Hélène Baril Hélène Baril
La Presse

L’idée

Ce n’est normalement pas d’un pays qui a autant d’eau potable qu’il faut attendre des idées pour améliorer l’accès à cette ressource essentielle. Une entreprise de Sherbrooke, au Québec, a pourtant conçu un système de dessalement de l’eau de mer qui pourrait étancher la soif de milliers d’êtres humains un peu partout dans le monde.

Les bouées de dessalement d’Oneka Technologies produisent de l’eau potable à partir de l’eau de mer sans énergie, contrairement aux autres procédés de dessalement de l’eau de mer, et à un coût très bas : un quart de cent le litre.

Qui ?

Dragan Tutic et Renaud Lafortune se sont intéressés au dessalement de l’eau dans le cadre d’un projet scolaire à l’Université de Sherbrooke. « C’est lors d’un voyage au bord de la mer avec mon frère que l’idée est venue », raconte Dragan Tutic.

En voyant toute cette eau et en pensant à ceux qui n’en ont pas.

Dragan Tutic

La solution imaginée par les deux étudiants est devenue Oneka Technologies en 2015, et le système est en instance de brevet. Il s’agit d’une bouée qui pompe l’eau de mer, la filtre et la dessale par un procédé d’osmose inverse, avant de l’acheminer par un tuyau vers un réservoir, un étang ou un système d’aqueduc.

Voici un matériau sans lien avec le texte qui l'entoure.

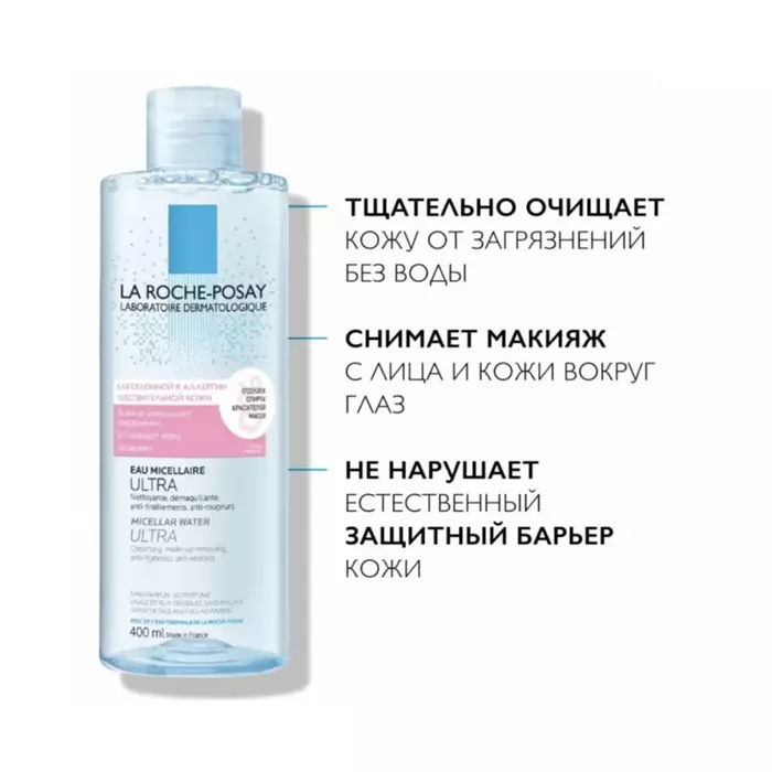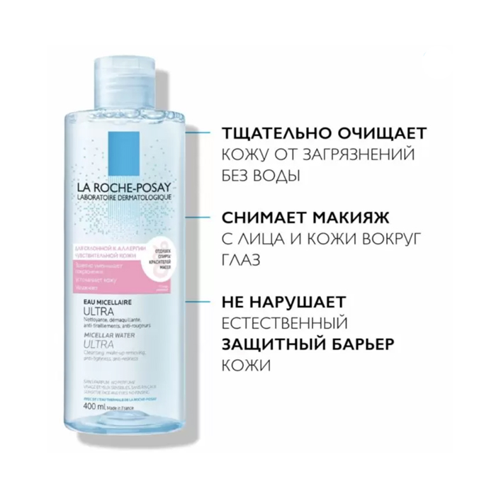 La Roche-Posay Ultra Мицеллярная вода – очищение для склонной к аллергии чувствительной кожи лица и глаз. Не требует смывания водой. Подходит для носителей контактных линз.

La bouée, d’un diamètre de 3 m et d’une hauteur de 2 m, s’installe à 200 ou 300 m du rivage pour ne pas être visible. Ce sont les vagues qui servent à pomper et à rejeter l’eau.

Les prototypes de bouées ont été équipés de panneaux solaires à des fins de recherche-développement, mais les unités commerciales n’en auront pas, indiquent les deux entrepreneurs.

PHOTO FOURNIE PAR ONEKA TECHNOLOGIES

Le système de dessalement pompe l’eau de la mer et la filtre, et il ne requiert aucune source d’énergie.

La capacité de production dépend du nombre de bouées installées en réseau. La plus petite installation, un réseau de cinq bouées, peut produire 10 mètres cubes, ou 10 000 litres d’eau douce par jour.

L’avenir

« On veut faire de l’océan la source d’eau potable la plus durable avec la technologie la moins chère. » C’est ainsi que les deux cofondateurs résument leur ambition pour l’avenir.

En attendant, ils voyagent beaucoup, dans des endroits la plupart du temps chauds et ensoleillés comme la Floride et les Caraïbes. « C’est sûr qu’on est d’une aide limitée au Canada, où il y a beaucoup d’eau, mais dans le reste du monde, on peut faire une grande différence », estime Dragan Tutic.

Les communautés isolées, les terrains de golf, les complexes touristiques sont autant de clients potentiels pour la petite entreprise de Sherbrooke, qui compte une dizaine d’employés.

Oneka Technologies a déjà séduit des investisseurs en capital de risque, qui ont contribué à deux rondes de financement de ses activités. La dernière a rapporté 2 millions.

Alors qu’elle attend ses premiers revenus, l’entreprise travaille à pousser plus loin son idée de départ. Sur sa planche : une bouée plus petite qui pourrait, par exemple, être déployée à partir d’un hélicoptère pour assurer l’approvisionnement en eau d’une communauté en cas d’ouragan ou de désastre naturel.